The thinner the piece of steel being heat-treated, the more unpredictable the warpage and more likely the blade will develop fatal cracks. Within limits simple warpage can be corrected in thin blades, but not in stiffer chisels or plane blades. In the first few seconds after quenching and/or tempering a blade, the metal is still a bit malleable and warpage can be corrected to some degree by bending and twisting the still-hot blade. An experienced blacksmith will not rely solely on corrective measures but will anticipate warpage and create a curve or twist in the opposite direction when forging to compensate in advance of quenching. This takes skill and experience, and even then, some rejects are unavoidable.
Chemical alloys like chrome, molybdenum, and tungsten greatly reduce warping and the risk of cracking.
None of this is mystical, but tools made from plain high-carbon steels such as Aogami steel and especially Shirogami steel require more skill and experience than those possessed by factory workers, much less Chinese peasants, so mass-production is nearly impossible, labor costs are higher, profit margins are smaller, and advertising budgets are non-existent. No wonder such tools get little attention from the corporate shills in the woodworking press.
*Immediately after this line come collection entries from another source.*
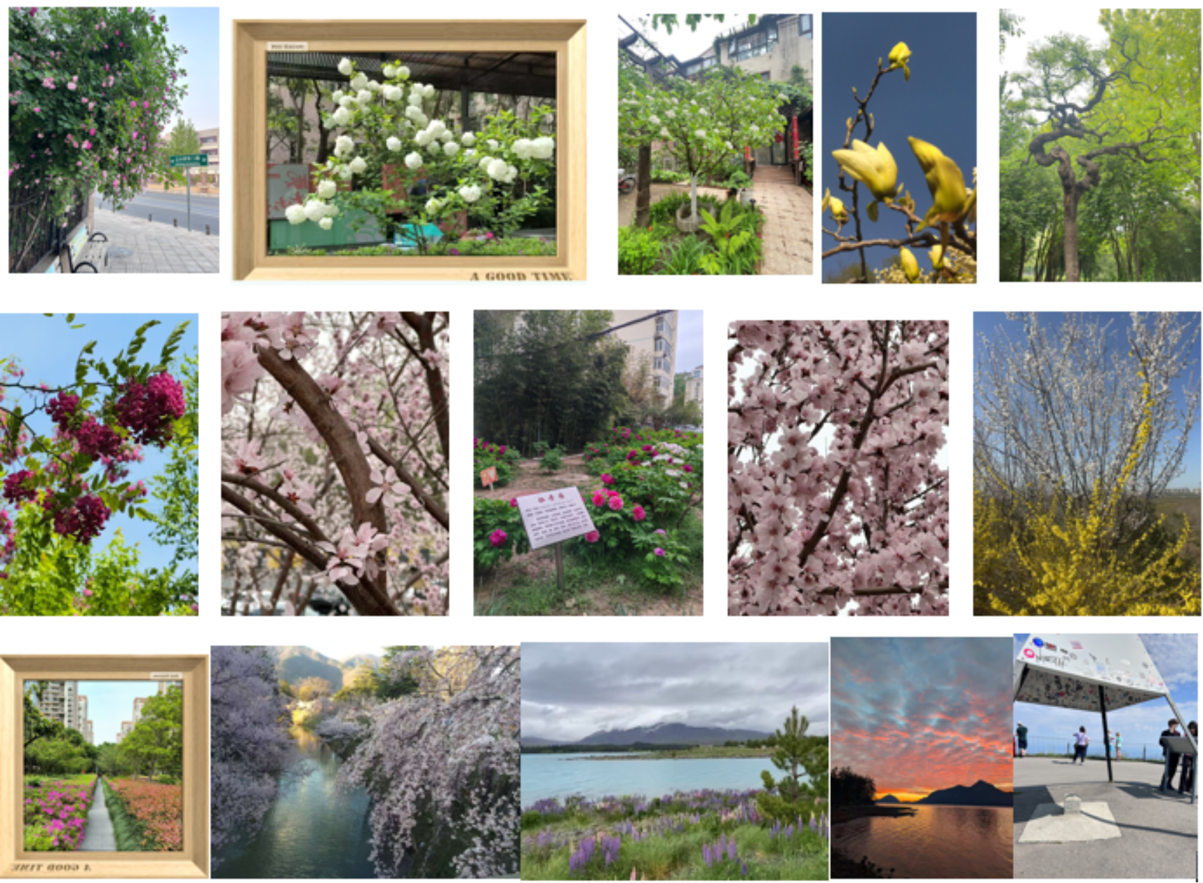 活动得到了退休教师们的热烈响应。参赛作品题材丰富,视角独特:既有家门口盛放的蔷薇、茉莉、山楂等庭院花卉,也有上田城樱花、永定河孔雀城白玉兰、心形树、槐花等城市景观;既有南苑湿地公园的烂漫春色,也不乏新西兰鲁冰花、美加边境夕阳等异域风情。特别值得一提的是,还有老师专门拍摄了瑞士首个大地控制点,展现了测绘人独特的专业视角。
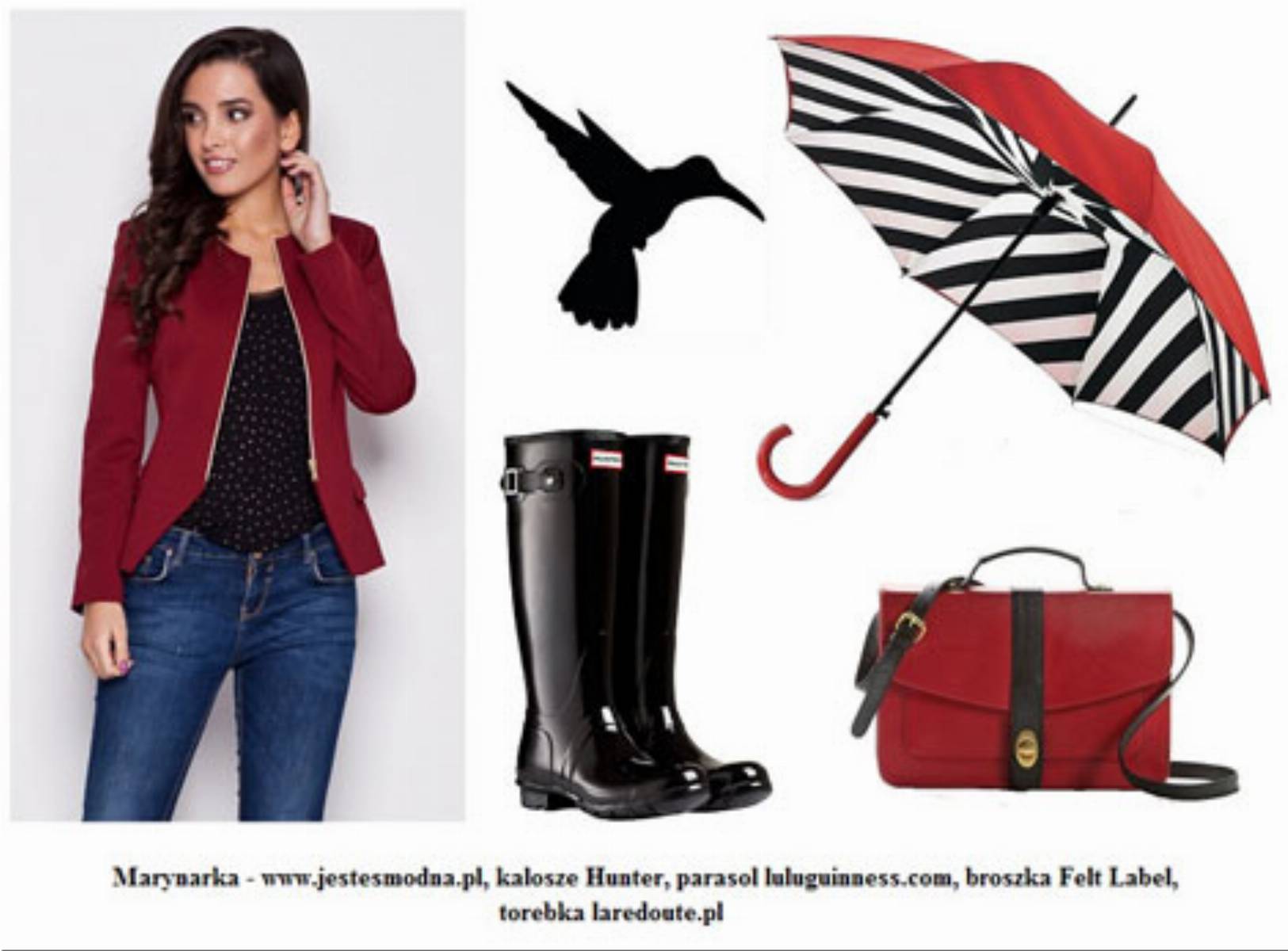 Klasyczne połączenie czerwieni z czernią sprawdza się zawsze i wszędzie, także podczas ulewnych deszczy. Właśnie dlatego warto na nie postawić szykując się do wyjścia z domu. Idealnym dopełnieniem jeansów i czarnego topu będzie więc stylowy żakiet o oryginalnym i dość ciekawym kroju, który doskonale zaakcentuje talię. Ochronę przed deszczem zapewni ciekawy parasol z czarno-białymi pasami po wewnętrznej stronie, a przed kałużami – kultowe Huntery. Torebka na długim pasku pomieści kobiece drobiazgi, a broszka w kształcie kolibra doda całości dziewczęcego uroku.
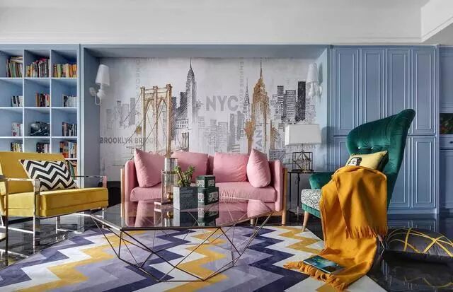 客厅一般面积较其他房间的大,色彩运用也最为丰富。客厅的色彩要以反映热情好客的暖色调为基调,并可有较大的色彩跳跃和强烈的对比,突出各个重点装饰部位。
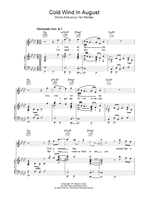 Download or print Van Morrison Cold Wind In August sheet music, chords and digital score arranged for Piano, Vocal & Guitar Chords (Right-Hand Melody). This Pop score includes 5 page(s).
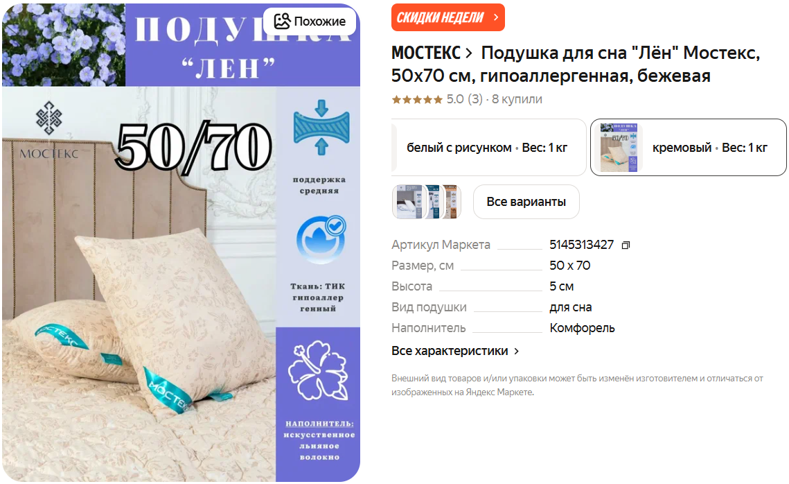 А ещё дают 100 баллов Плюса за отзыв. С наполнителем из льняного волокна и холлофайбера - упругая, хорошо держит форму и быстро восстанавливается. Гипоаллергенная, не заводятся пылевые клещи и бактерии. Чехол из тика (хлопок с микрофиброй), стёганый, с рисунком.
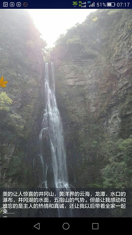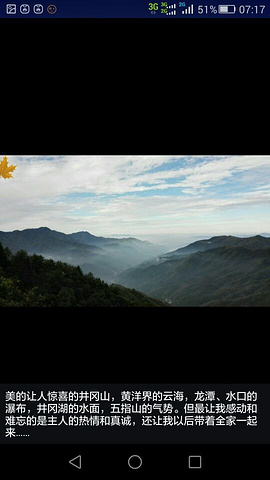游客2017-11-14美得让人惊喜的井冈山,黄洋界的云海,龙潭、水口的瀑布,井冈湖的水面,五指山的雄伟美得让人惊喜的井冈山,黄洋界的云海,龙潭、水口的瀑布,井冈湖的水面,五指山的雄伟。最让人感动的是主人的热情和真诚,让人难忘
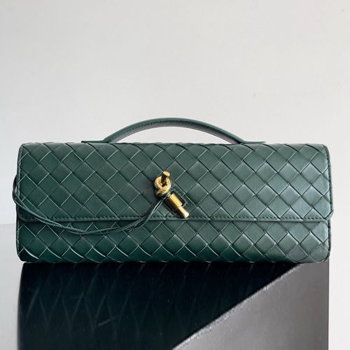 Bottega Veneta Andiamo 이브닝 클러치는 브랜드의 시그니처 인트레치아토 위빙(Intercciato Weaving) 디자인으로 제작된 고급 가죽 클러치백입니다.
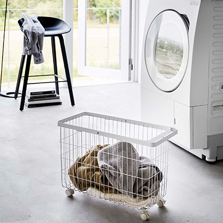 tower タワー ランドリーバスケット キャスター付 ワイド&ロー ホワイト 6627

While modern chemistry has unveiled the mystery of steel, it has only been during the last 60 or 70 years that metallurgical techniques have been developed making it possible to understand and control steel manufacturing.
The manufacture and working of steel are still magical processes that are the foundation of modern civilization. Make no mistake: without steel and the skill to work it, human life on this planet would be short and brutal.
If you have good sharpening skills but haven’t yet tried chisel or plane blades made from Shirogami, Aogami or Asaab K-120 Swedish steel, you’re missing a treat.